Two days afore the thing was to go off the ways Brown gets a letter from Belle, and in it says she’s invited a whole lot of folks from Chicago and New York and Boston and the land knows where, and that they’ve never been to the Cape and she wants to show ’em what a “quaint” place it is.  “Can’t you get,” says she, “two or three delightful, queer, old ’longshore characters to be at work ’round the hotel?  It’ll give such a touch of local color,” she says.

So out comes Peter with the letter.

“Barzilla,” he says to me, “I want some characters.  Know anybody that’s a character?”

“Well,” says I, “there’s Nate Slocum over to Orham.  He’d steal anything that wa’n’t spiked down.  He’s about the toughest character I can think of, offhand, this way.”

“Oh, thunder!” says Brown.  “I don’t want a crook; that wouldn’t be any novelty to this crowd,” he says.  “What I’m after is an odd stick; a feller with pigeons in his loft.  Not a lunatic, but jest a queer genius—­little queerer than you and the Cap’n here.”

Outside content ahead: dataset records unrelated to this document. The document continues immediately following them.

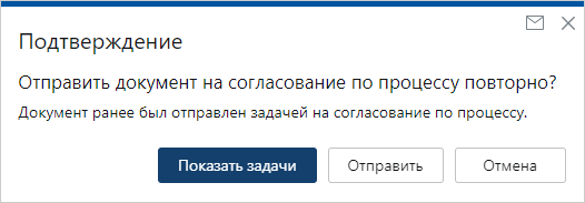 Нажмите на кнопку Показать задачи и ознакомьтесь со списком задач на согласование по процессу, в которые вложен документ. Если документ все же нужно отправить, нажмите на кнопку Отправить.
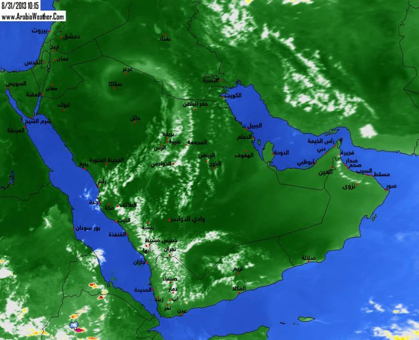 موقع ArabiaWeather.com - شهدت أجواء المناطق الشمالية من السعودية و الجنوبية من العراق نهار السبت 31-8-2013 الموافق لـ 24/10/1434 هـ تشكُلاً لمُنخفض جوي حراري غير اعتيادي لمثل هذا الوقت من العام ، عمل على دوران الرياح بقوة حول مركزه ، مما عمل على تشكُل عواصف رملية قوية عملت على تدني الرؤية الأفقية في مدينة رفحاء السعودية ، و مناطق واسعة من المناطق العراقية الجنوبية المُحاذية للحدود مع السعودية.
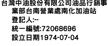 台灣中油股份有限公司油品行銷事業部台南營業處南化加油站
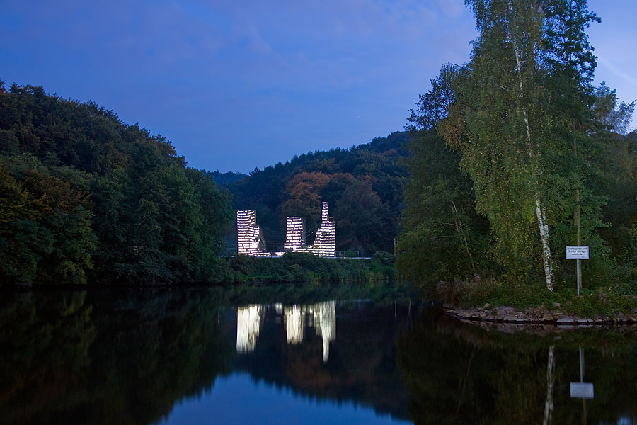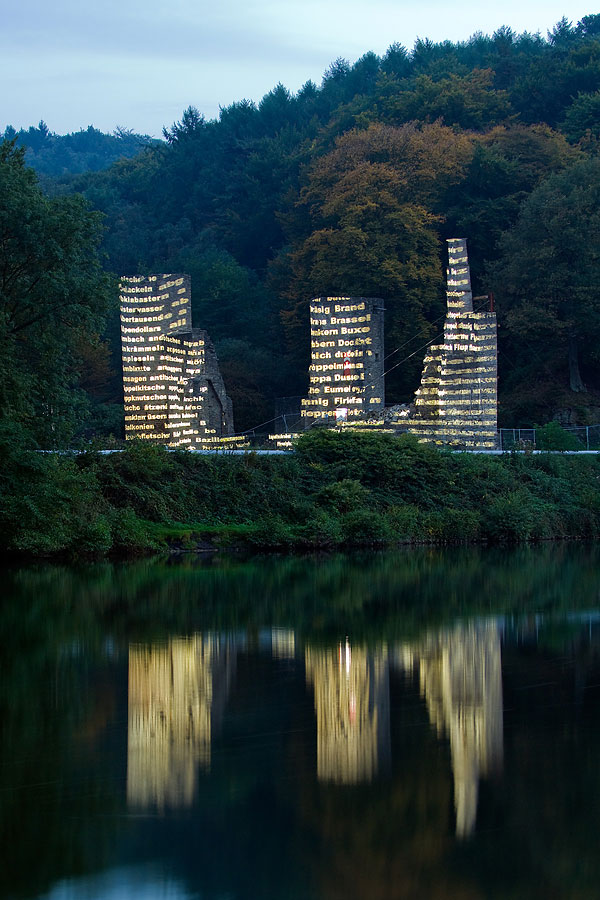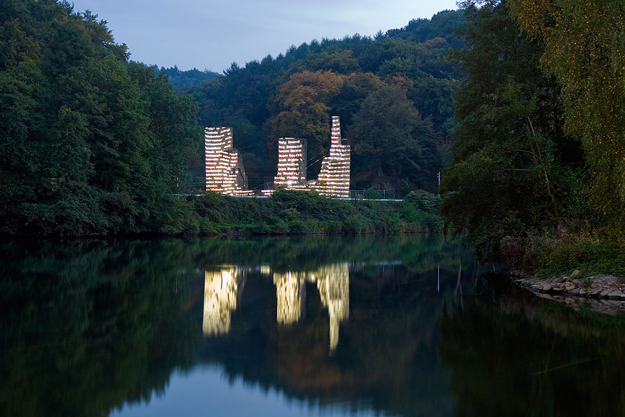 Andreas M. Kaufmann has in the frame of his project “Dem Ort seine Sprache” (The place of their speech) illuminated two particular constructions on the Ruhr. The first is an old industry wall on the Heinrichshuette in Hattingen and the other is the ruins of castle Hardenstein near Witten, both lying directly on the banks of the Ruhr.
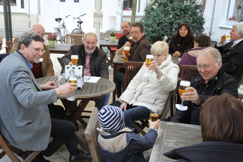 | Nach den Strapazen der Besichtigungstour laben wir uns an Getränken und Schmalzbroten. Foto: Klaus |
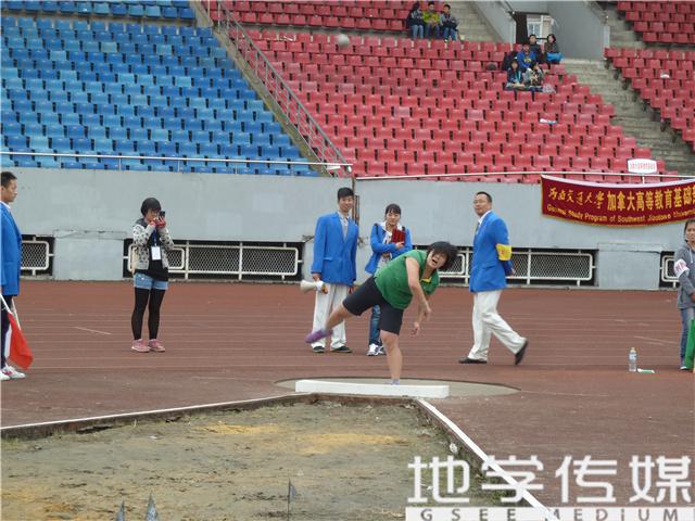在投掷过程中,同学们都使尽全力,将铅球抛至远处。每一次激动人心的一掷,每一条优美的空中曲线,都引来观众阵阵欢呼。随着赛场上记录分数的小旗越插越远,同学们的欢呼声也越来越高,第三轮掷球,几乎每一球落下,都能刷新选手自己上一次的成绩。最终由来自峨眉校区的李奕冉、张梦乡和来自电气学院的陶孟兴分别以8.76米,8.57米,7.99米的成绩获得冠亚季军。
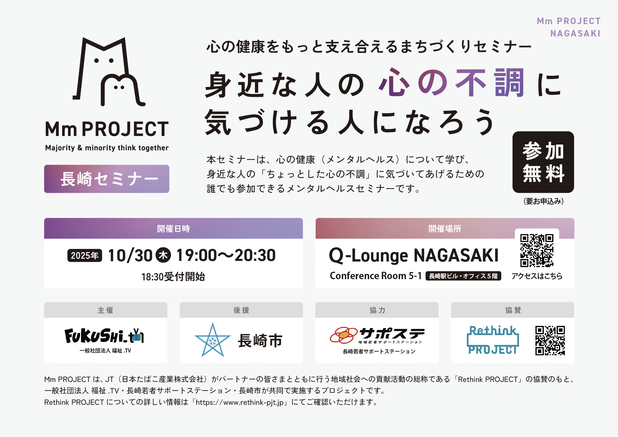 Mm PROJECT は、JT(日本たばこ産業株式会社)がパートナーの皆さまとともに行う地域社会への貢献活動の総称である「Rethink PROJECT」の協賛のもと、一般社団法人 福祉.TV・長崎若者サポートステーション・長崎市が共同で実施するプロジェクトです。Rethink PROJECTについての詳しい情報は「https://www.rethink-pjt.jp」にてご確認いただけます。
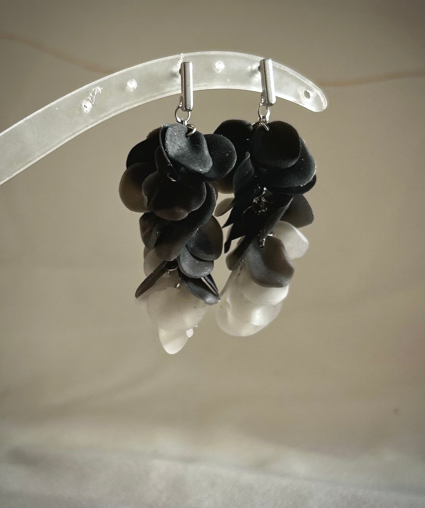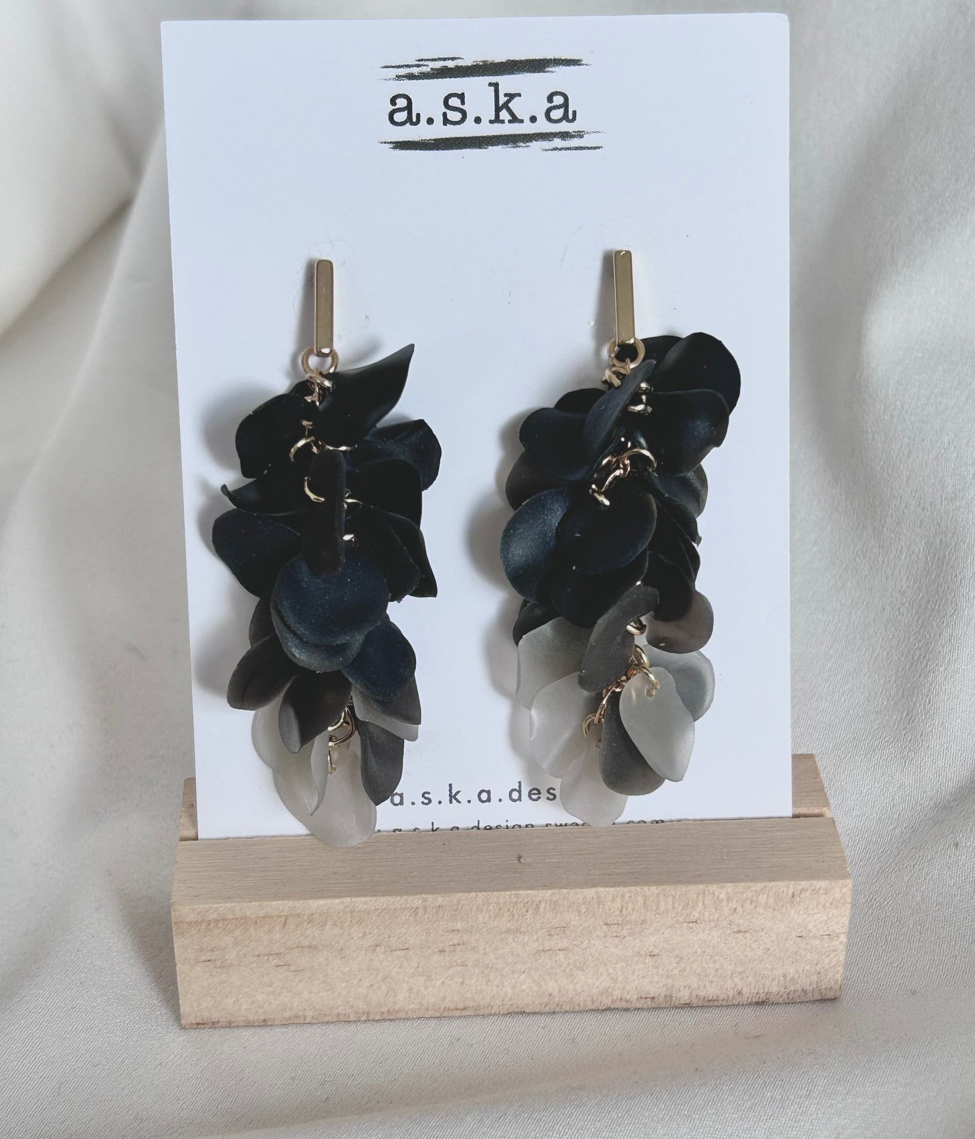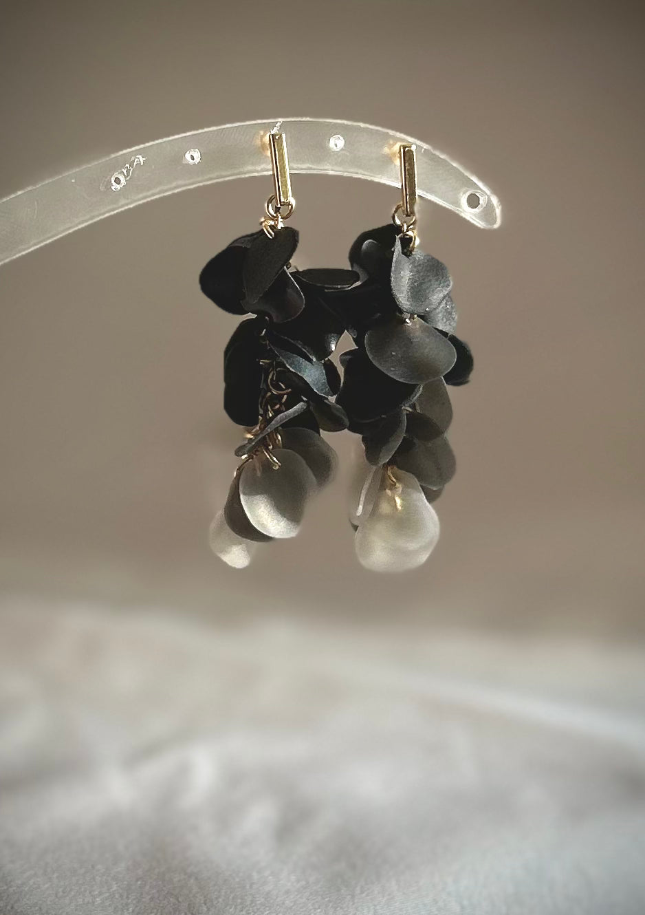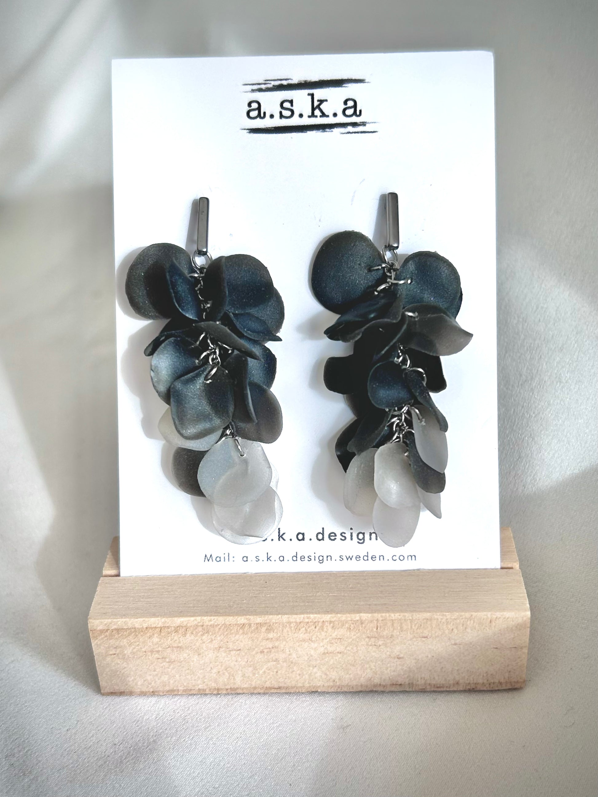 Svart är alltid rätt. 20-25 stycken formade löv hängandes på en bas av anting rostfritt stål eller 18k guldplätterat rostfritt stål.
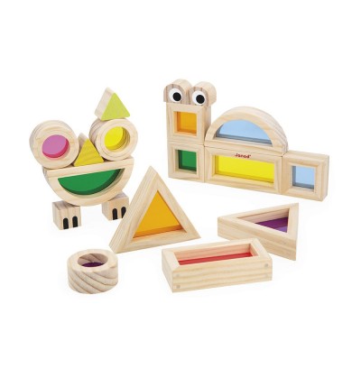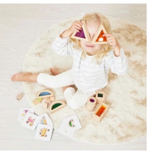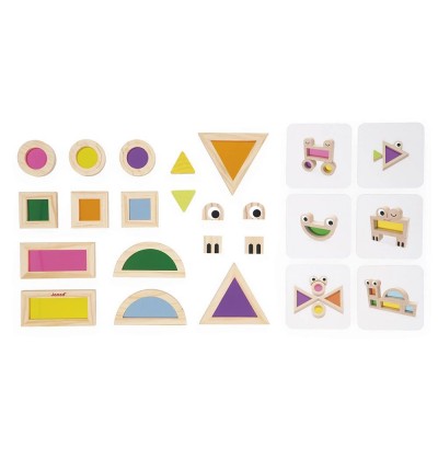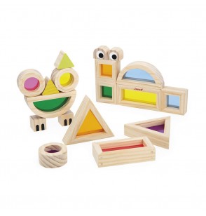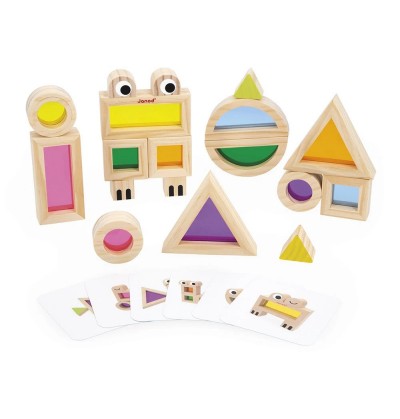 12 formes géométriques colorées transparentes sont incluses (orange, rose, jaune, violet, bleu et vert) et 6 blocs en bois sont imprimés avec des yeux, des pattes ou des oreilles.
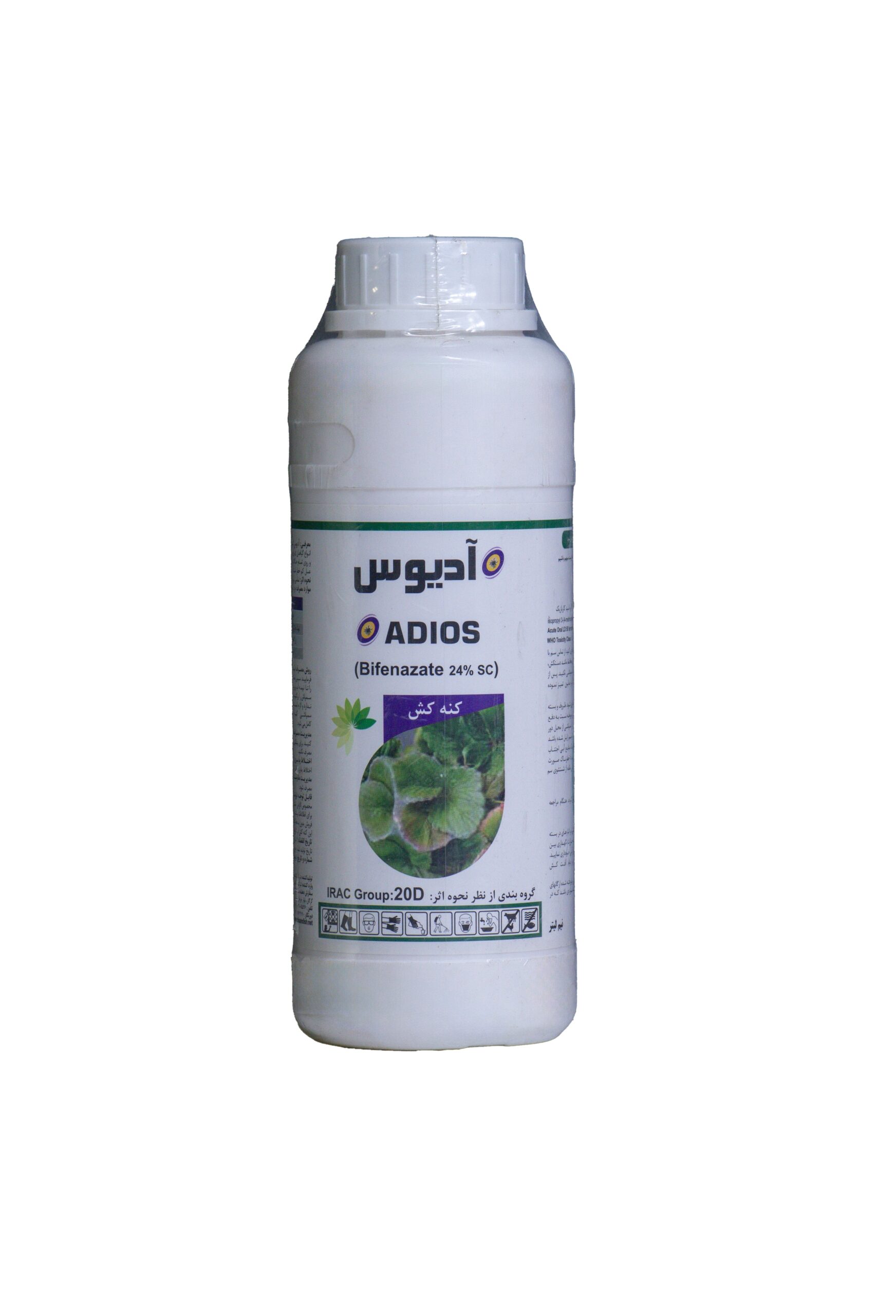 آدیوس یک کنهکش گستردهطیف با ماده مؤثره بایفنازیت SC 24% از گروه کاربازیتها است که برای کنترل انواع کنههای تارتن (Tetranychidae) بهکار میرود. این کنهکش دارای اثر تماسی بوده و با اختلال در عملکرد گابا (GABA) در سیستم عصبی کنهها موجب فلج و مرگ آنها میشود.
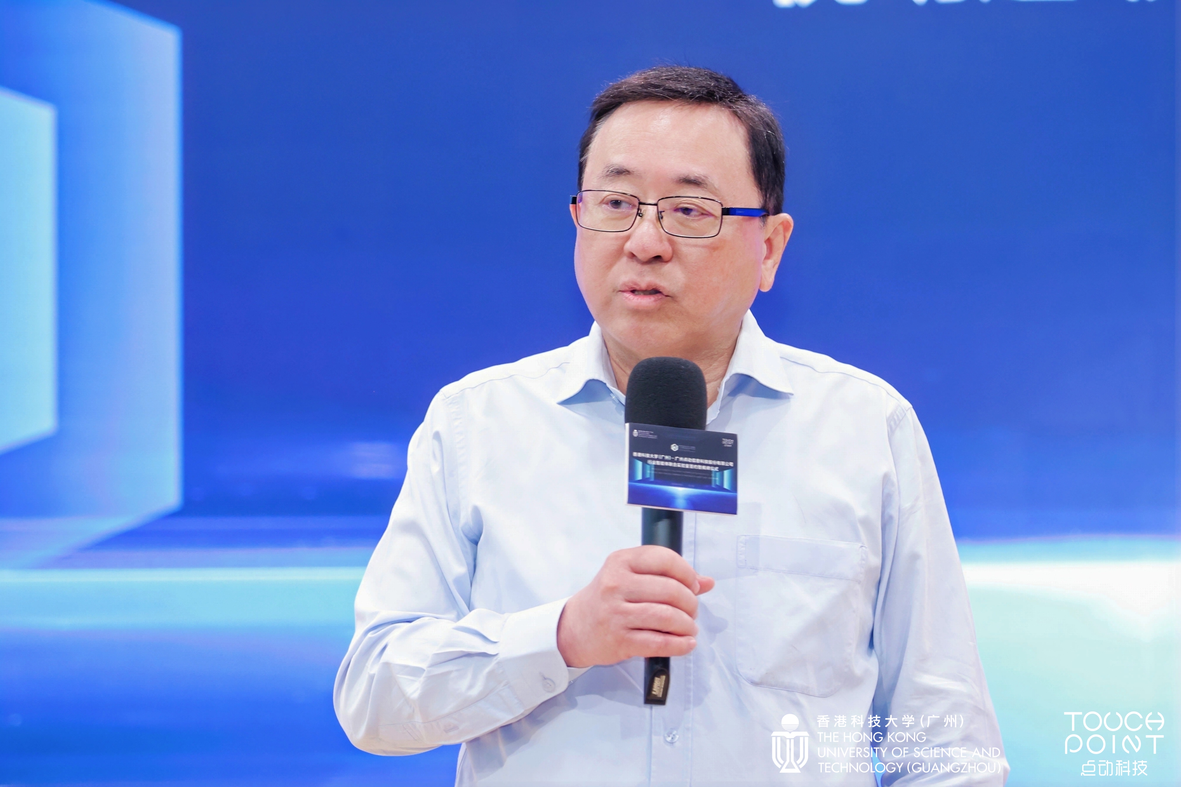 香港科技大學(xué)(廣州)校長(zhǎng)倪明選教授、署理副校長(zhǎng)(研究)李世瑋教授、協(xié)理副校長(zhǎng)(知識(shí)轉(zhuǎn)移)熊輝教授、點(diǎn)動(dòng)科技董事長(zhǎng)陳科斌先生、點(diǎn)動(dòng)科技深圳公司總經(jīng)理陳永潔女士、點(diǎn)動(dòng)科技董事張培揚(yáng)先生、智算中心總經(jīng)理?xiàng)钛┓逑壬约奥?lián)合實(shí)驗(yàn)室技術(shù)管理委員會(huì)成員、人工智能學(xué)域師生代表出席了本次啟動(dòng)儀式。
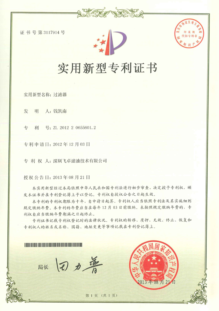 祝賀飛卓濾油取得專利證書
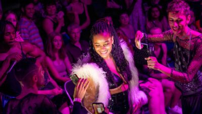 “We’re not sure what Max Legroom will be doing, but it could involve a toilet roll gun or a board covered in old timey car horns,” say Oliver and Roddy of the South Coast’s nine-foot-tall autistic Drag Prince.
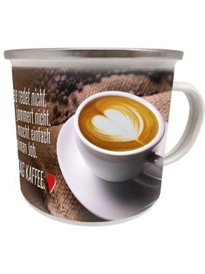 Emailletasse mit Henkel: Kaffee redet nicht, Kaffee jammert nicht, Kaffee macht einfach seinen Job. Ich mag Kaffee. Emaillebecher Ich mag Kaffee
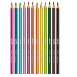 Pastello triangolare wood-free prodotto con tecnologia ad estrusione, mina solida e resistente Ø 3,3 mm. Facile da temperare. Disponibile in astuccio da 12 colori.
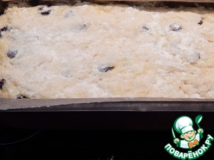 Выложить в хорошо смазанную прямоугольную форму. У меня из этого кол-ва ингредиентов получилось заполнить 2 формы: 30х11 и 21х9 см.

After a while we got his drift, and I happened to think of Beriah and his chum, Eben Cobb.  They lived in a little shanty over to Skakit P’int and got their living lobstering, and so on.  Both of ’em had saved a few thousand dollars, but you couldn’t get a cent of it without giving ’em ether, and they’d rather live like Portugees than white men any day, unless they was paid to change.  Beriah’s pet idee was foretelling what the weather was going to be.  And he could do it, too, better’n anybody I ever see.  He’d smell a storm further’n a cat can smell fish, and he hardly ever made a mistake.  Prided himself on it, you understand, like a boy does on his first long pants.  His prophecies was his idols, so’s to speak, and you couldn’t have hired him to foretell what he knew was wrong, not for no money.